I was reminded of a quote from an Onion story, “Area Man Constantly Mentioning He Doesn’t Own a Television”: “I’m not an elitist. It’s just that I’d much rather sculpt or write in my journal or read Proust than sit there passively staring at some phosphorescent screen.”
Friends—can I call you friends?—it’s time to drop the attitude: There is no longer any good reason to avoid Facebook. The site has crossed a threshold—it is now so widely trafficked that it’s fast becoming a routine aide to social interaction, like e-mail and antiperspirant.


Ordinary people use antiperspirant and Facebook, therefore you should too, unless you vainly think you are extraordinary. Just as, according to Manjoo, it is now “an affectation not to carry a mobile phone,” it has become false and phony not to go along and get along, and maintain a Facebook account, where your self-constructed identity can be made more accessible and public domain, open to penetration by a variety of marketing efforts and data-collection initiatives. Of course, Manjoo insists that the “finely grained privacy controls” allow users to make of Facebook what they want, and insulate themselves as much as they find necessary. Somehow that network of controls, maintained ultimately by the company itself, is in Manjoo’s estimation preferable to the ultimate control we can seize for ourselves by simple nonparticipation. But now Facebook is the “Wikipedia of people,” (I thought Wikipedia already included people. Hmm) and failing to list ourselves is counterproductive to our own interests. And without “ambient awareness” of our friends, we will lose touch with them—we’ll cease to know them by the standards of friendship that Facebook has ushered in. Manjoo explains the New Friendship this way: “Just as you can sense his mood from the rhythm of his breathing, sighing, and swearing, you can get the broad outlines of his life from short updates, making for a deeper conversation the next time you do meet up.”


But why bother meeting at all?

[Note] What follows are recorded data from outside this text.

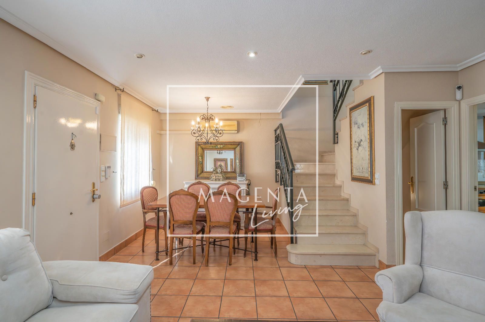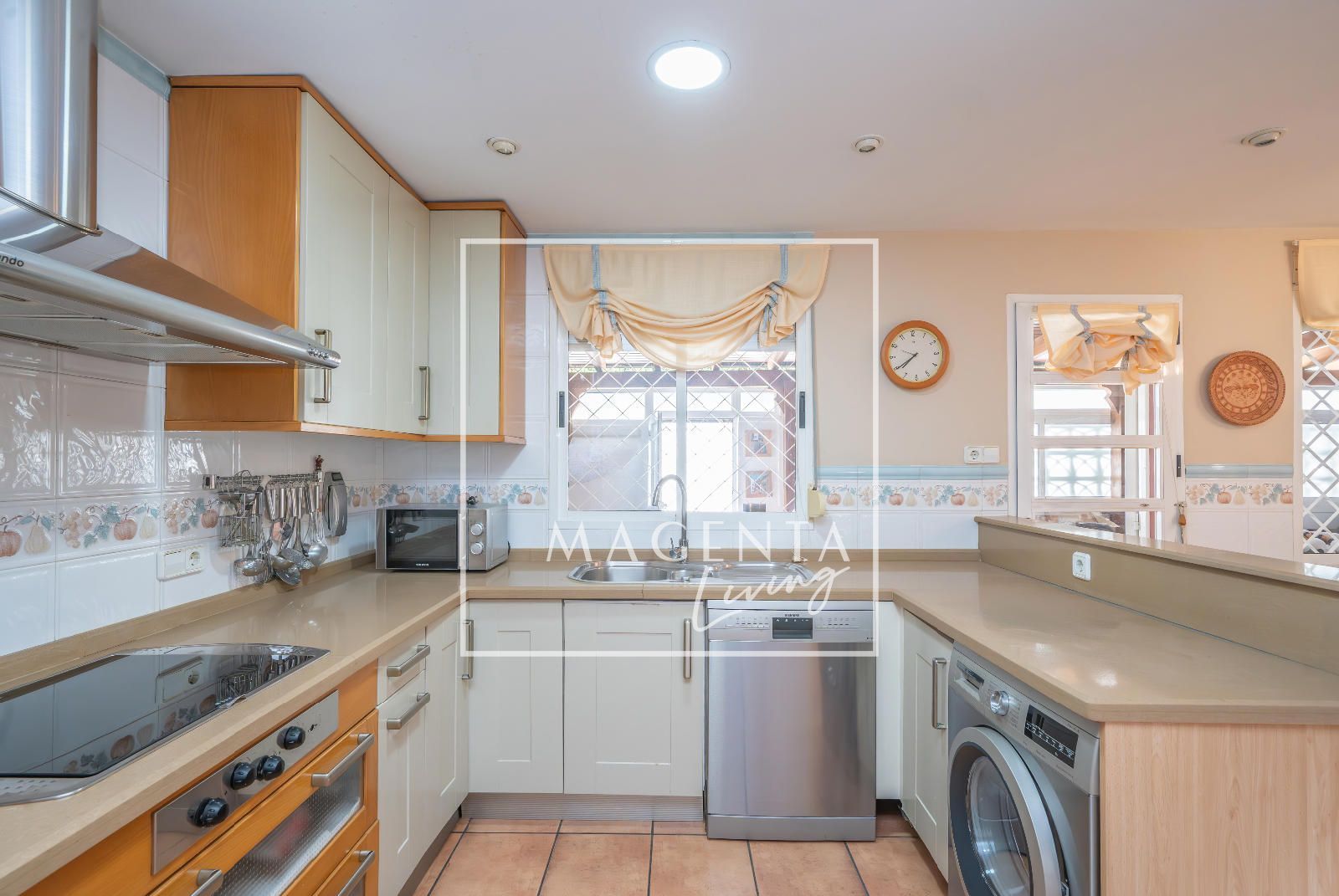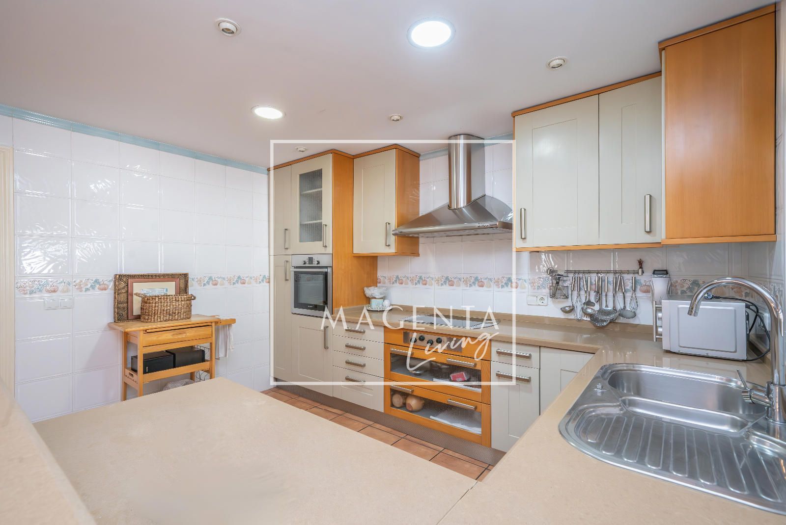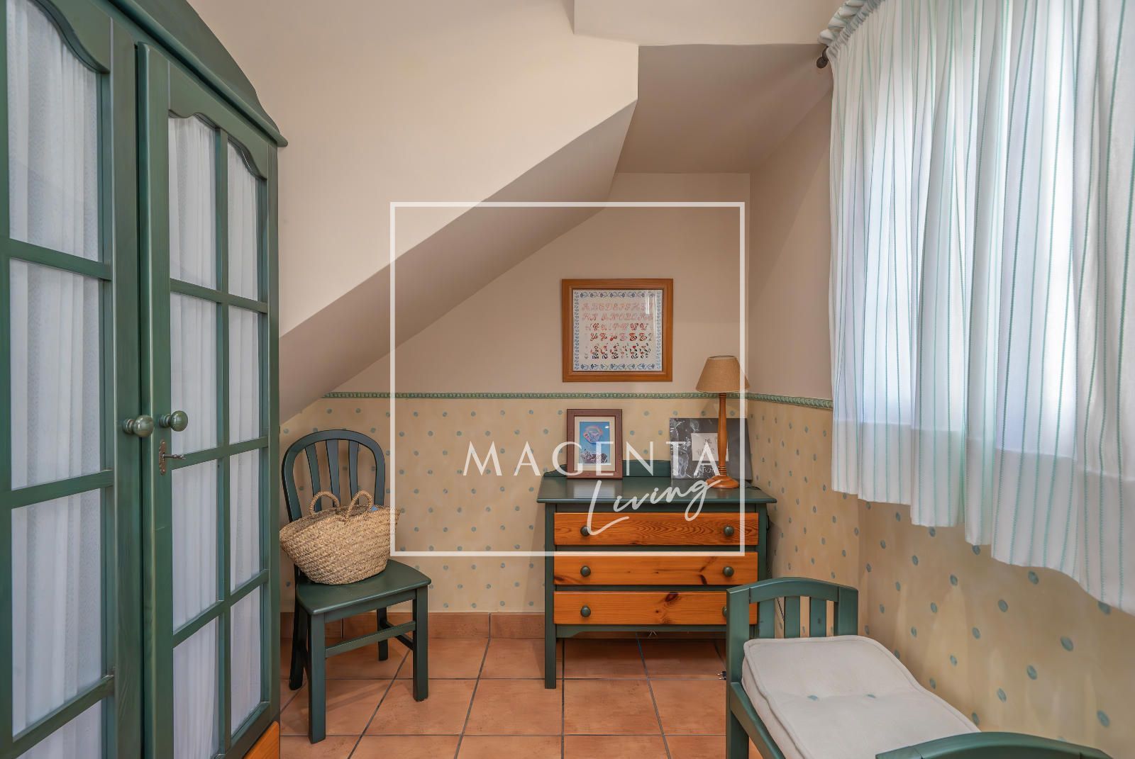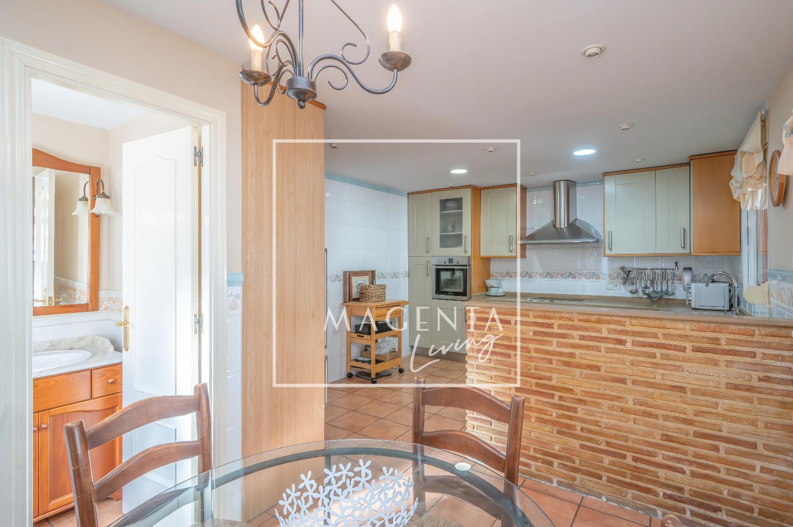 L’abitazione è distribuita in modo funzionale e accogliente. Al piano principale troviamo un elegante soggiorno con zona pranzo, perfetto per la vita quotidiana. Accanto alla scala che conduce al piano superiore si trova una spaziosa cucina completamente attrezzata, con finiture senza tempo, aperta su una piacevole zona breakfast, oltre a un bagno di servizio. Dalla cucina si accede a un’ampia terrazza coperta di 33 m², collegata a un’ulteriore terrazza scoperta di 25 m², ideale per riunioni familiari, pranzi all’aperto o momenti di relax.
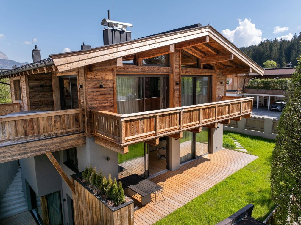 Das zweistöckige Chalet ist in zwei großzügige Wohneinheiten aufgeteilt – eine Penthouse-Maisonette und eine Garten-Maisonette – und bietet vielfältige Möglichkeiten für ein stilvolles Zusammenleben von Familien oder als Kombination aus privater Nutzung und Gästebereich. Zur Ausstattung gehören eine Zentralheizung mit Luftwärmepumpe, ein Gäste-WC, ein Garten und ein Badezimmer mit Badewanne. Die Lage in Reith bei Kitzbühel, nur wenige Minuten von Kitzbühel entfernt, bietet Zugang zum Golfplatz Kitzbühel-Schwarzsee Reith und dem Kitzbühel Country Club in unmittelbarer Nähe.
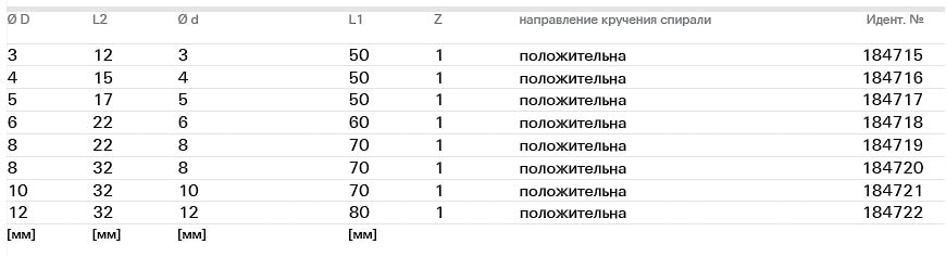 - оптимальный отвод стружки и отличное качество реза благодаря полированному каналу для отвода стружки и позитивному витку спирали.
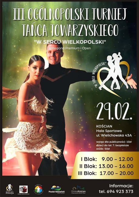 W sobotę, 29 lutego, o godz. 9., w hali sportowo-widowiskowej ZSP w Kościanie rozpoczął się III Ogólnopolski Turniej Tańca Towarzyskiego "W sercu Wielkopolski". W programie trzy bloki taneczne: pierwszy w godz. 9.00-12.00, drugi w godz. 13.00-16.00 i trzeci w godz. 17.00-20.00. Wstęp dla publiczności: 10 zł. Dzieci do lat siedmiu bezpłatnie.

Through the magic of ambient awareness, I can have friends on my time, while I’m multitasking. Rather than muster the concentration for a reciprocal exchange with a particular friend, I can blast out an update or a funny picture or my wry commentary on a link. (Kind of like I do on this blog—hello, friends!) Ambient awareness seems a lot like selective attention, the ideal relationship mode for overcommitted, self-centered people. Facebook allows us to follow one another as though we are all celebrities, to be regarded admiringly from afar. Such admiration requires no direct interaction, just updating. The friend-friend relation is transformed into a celebrity-fan relation, and we flip-flop between those distinct fantasies, enjoying the vicariousness and the voyeurism on one hand, and the egomania on the other. As American Scene contributor Matt Frost puts it, “Facebook is like a breeder reactor of solipsistic fatuity.”

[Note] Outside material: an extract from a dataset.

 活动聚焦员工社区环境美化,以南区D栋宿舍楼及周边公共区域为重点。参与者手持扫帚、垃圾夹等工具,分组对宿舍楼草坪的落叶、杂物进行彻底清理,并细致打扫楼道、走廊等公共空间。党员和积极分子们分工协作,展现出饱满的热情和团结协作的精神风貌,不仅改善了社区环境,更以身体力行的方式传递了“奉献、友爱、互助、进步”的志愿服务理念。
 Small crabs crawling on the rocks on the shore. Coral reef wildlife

Frost’s analysis of the difference between blogging and updating Facebook is apropos:


A good blogger lives in constructive fear of two things: writing for everyone, and writing for no one. Recognizing that your boss, your kids, or even your future self will be able to read your work long after you’ve written it should impose some temperance and moderation, while the knowledge that every one of your readers could simply opt out should encourage selectivity and creativity. Facebook, however, smashes both of these healthy constraints to self-expression. The semi-captive audience of all those friends fosters the illusion that somebody cares what you had for breakfast, while the exclusivity of the network implies that your more ill-considered announcements will be charitably received. Reading the status updates of long-lost friends and acquaintances convinced me I’d like them better if they stayed lost for longer.